Welcome to the rest of your 2016, and here's hoping it's as fabulous as the first three days. (Or, way better than the first three days). Now that it's January and the NFL regular season is finally behind us, here are a few questions as we move forward into the playoffs and, beyond, Super Bowl 50 -- which promises to be the usual orgy of self-congratulation and grotesque puffery it always is, if not more so:
Q: The Cleveland Browns have cleaned house, firing both their head coach and GM. What does this mean?
A: It means you have to clear out the old trash before you can start bringing in the new trash.
Q: If, as anticipated, the Colts turn loose Chuck Pagano today, how long will he remain unemployed?
A: Is this a trick question?
Q: No.
A: OK, then about, I don't know, five minutes.
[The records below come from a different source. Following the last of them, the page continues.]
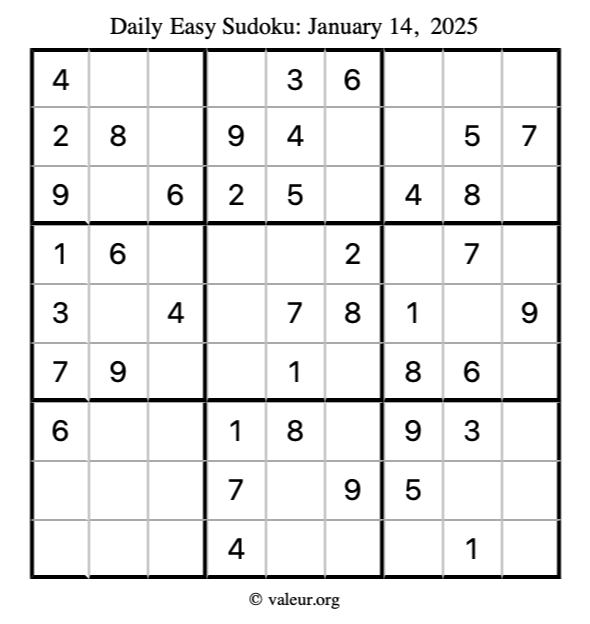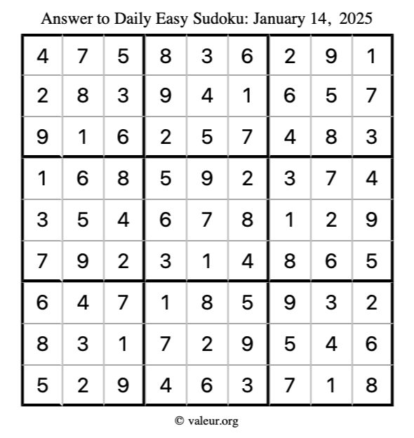 Here is the January 14, 2025 easy sudoku puzzle. You are welcome to print a copy to solve by hand. For your convenience, we have also included the solution further down the page so you can check your work.
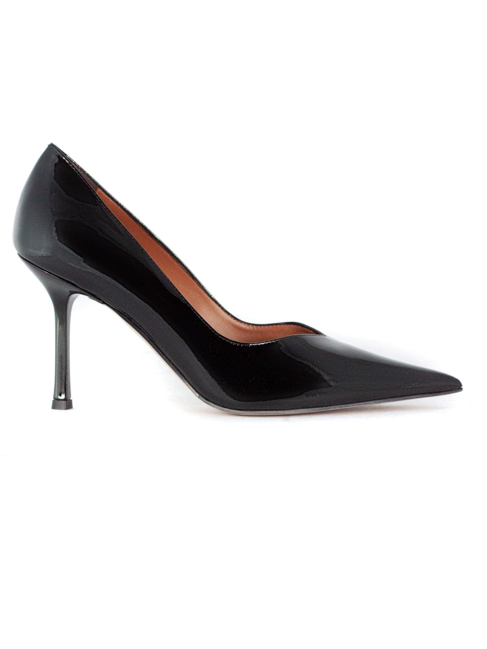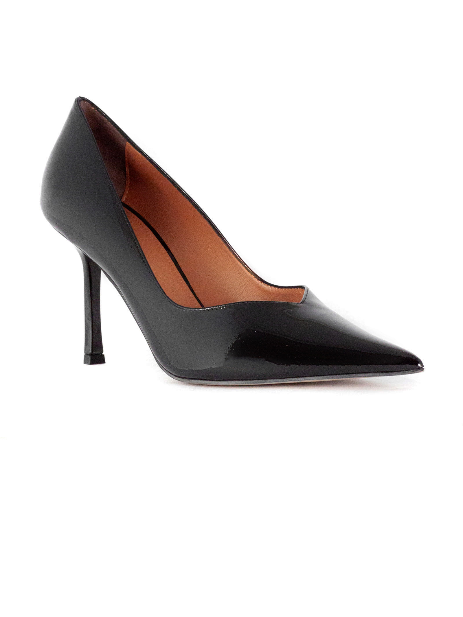 Black patent leather pumps with pointed toe, leather sole with logo, heel height 9 cm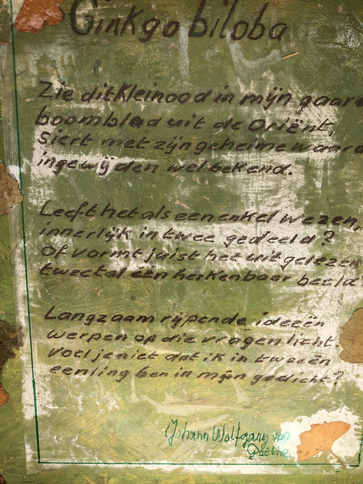 ‘We hebben elkaar nodig’, is de titel van dit werk van Marianne in Odeonpark. Prominent is het gedicht Ginkgo biloba van Goethe, die het blad van deze boom symbool maakt voor de eenheid en tweeheid van zichzelf, van geliefden, ...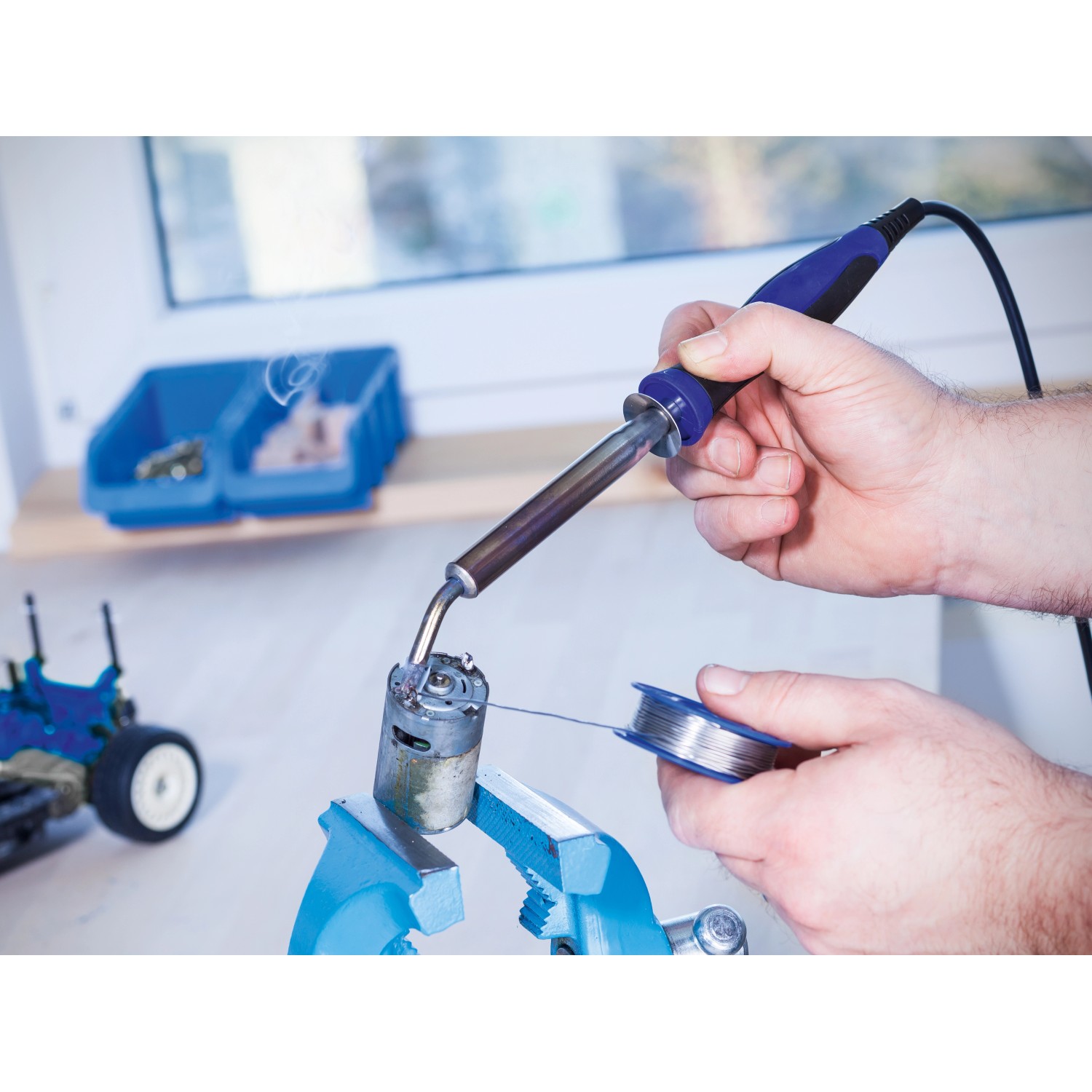 A LUX-TOOLS forrasztópáka optimálisan alkalmas általános műhelyi munkákhoz, például kábelforrasztáshoz, és vésőformájú professzionális forrasztóheggyel van felszerelve. Teljesítménye 100 W, és elérheti az 550 °C-os csúcshőmérsékletet. Az alacsony, kb. 2,25 perces felfűtési idő lehetővé teszi, hogy a forrasztópáka néhány percen belül használatra kész legyen.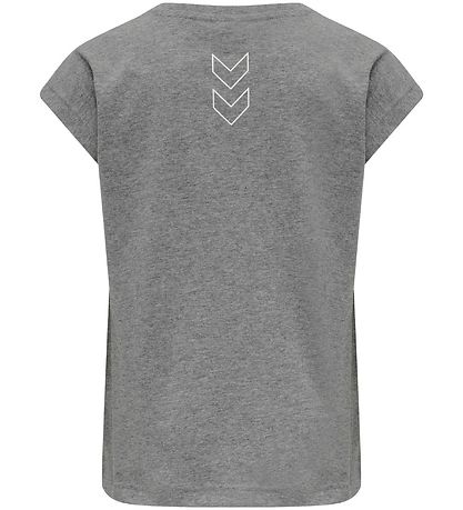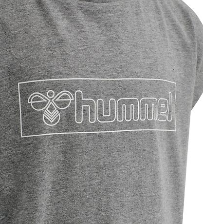 Smart Hummel T-shirt in melange grey with a square on the chest with the Hummel logo and "Hummel" printed in white. The top of the back is the outline of Hummel's familiar shevrons in white.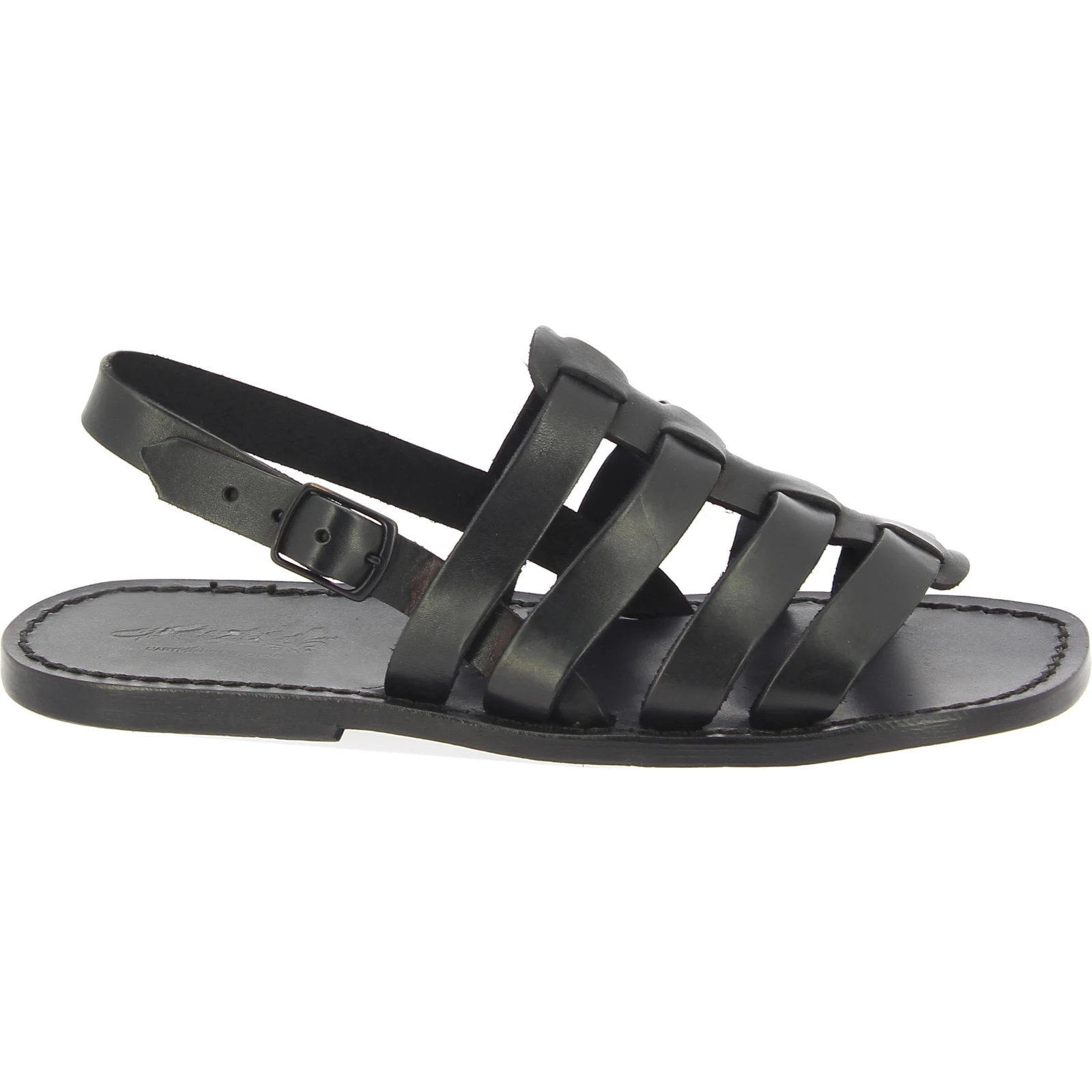 Sandalias jaula sin tanga para hombre en piel de vacuno engrasada color negro con suela de cuero, hechas a mano en Italia sin ayuda de mano de obra extranjera ni infantil, sino por manos expertas en la mejor tradición artesanal.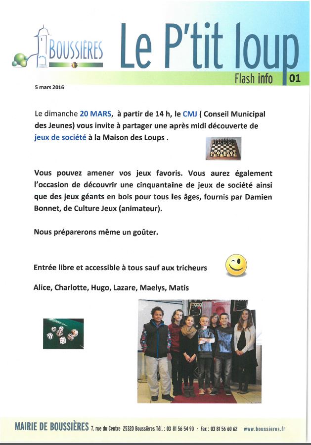 Dimanche 20 mars : Jeux à Boussières (25)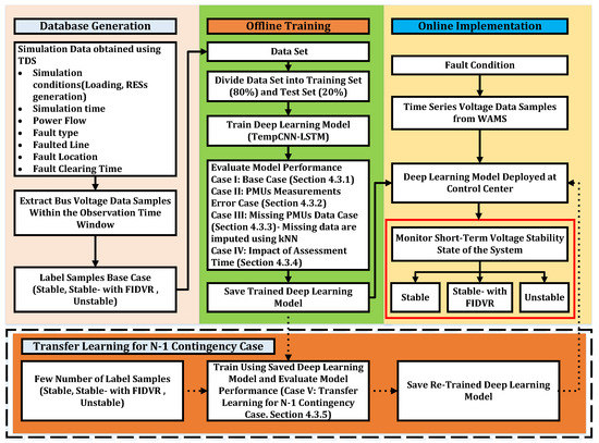 Figure 2 depicts the structure for implementing the deep learning-based method for STVS assessment. It consists of three stages: database generation, offline training, and online implementation. To represent the possible operating condition of the practical power system, different simulation conditions are run, and the data set is generated. The input are the post-disturbance bus voltage trajectories obtained for the particular operating condition obtained within the OTW. The output are the labeled samples generated with the bus voltage trajectories within the simulation period obtained using TDS. Here, the deep learning model (TempCNN-LSTM) is trained to map the input–output relationship between bus voltage trajectories and the corresponding STVS state of the power system subjected to disturbance. The overall process of the proposed method for the real-time STVS is shown in Figure 3. Finally, at the online implementation stage, the trained deep learning model at the control station predicts the STVS (stable, stable-with FIDVR phenomenon, and unstable) state based on the available samples of post-fault bus voltage trajectories from PMUs without the prior knowledge of which fault occurred in the power system. As a result, preventive measures can be implemented quickly while maintaining the system’s overall stability.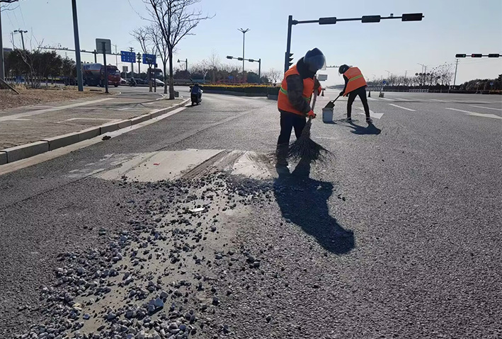 燈塔路路口,巡查人員發(fā)現(xiàn)大面積車輛拋灑物,生產骨干張學軍、徐習東、陸永柱接到公司應急處理電話第一時間趕赴現(xiàn)場,盡管天氣寒冷,但是大家干的熱火朝天,共清理泥塊30多處,長達800多米長;轉運石子、石塊50多車,他們再次用行動彰顯黨員示范風采。

The man took a garbage dump of a team to an 8-8 season even though he didn't have his A-list quarterback for the last seven weeks. He won a game with Josh Freeman and that other guy, Something Lindley, who hadn't played in the NFL since the BeeGees were a thing. Only four current NFL head coaches have won more games. Yeah, five minutes sounds about right.
Q: So are the Seahawks the team to beat now because they whipped the Cardinals yesterday?
A: No. Yesterday is meaningless. I'm sure if they meet again, Cardinals coach Bruce Arians' message will be something along the lines of: "OK, last time they sent us a message when it didn't count. Whatever. Now it counts, and now it's our turn."
Q: What will the 49ers be thinking if they respond favorably to Chip Kelly, who's reportedly reaching out to them?
A: They'll be thinking he's not Jim Tomsula. And that just because he failed so abysmally to relate to NFL players in the Eastern time zone doesn't mean he won't be able to relate wonderfully to them in the Pacific time zone. Hey, he's a West coast guy!
And, finally ...
Q: Four of the quarterbacks who could play a significant role in the playoffs are named Brian Hoyer, Brock Osweiler, Kirk Cousins and AJ McCarron. Who saw that coming back in September?
A: Brian Hoyer, Brock Osweiler, Kirk Cousins and AJ McCarron. Maybe. OK, probably not.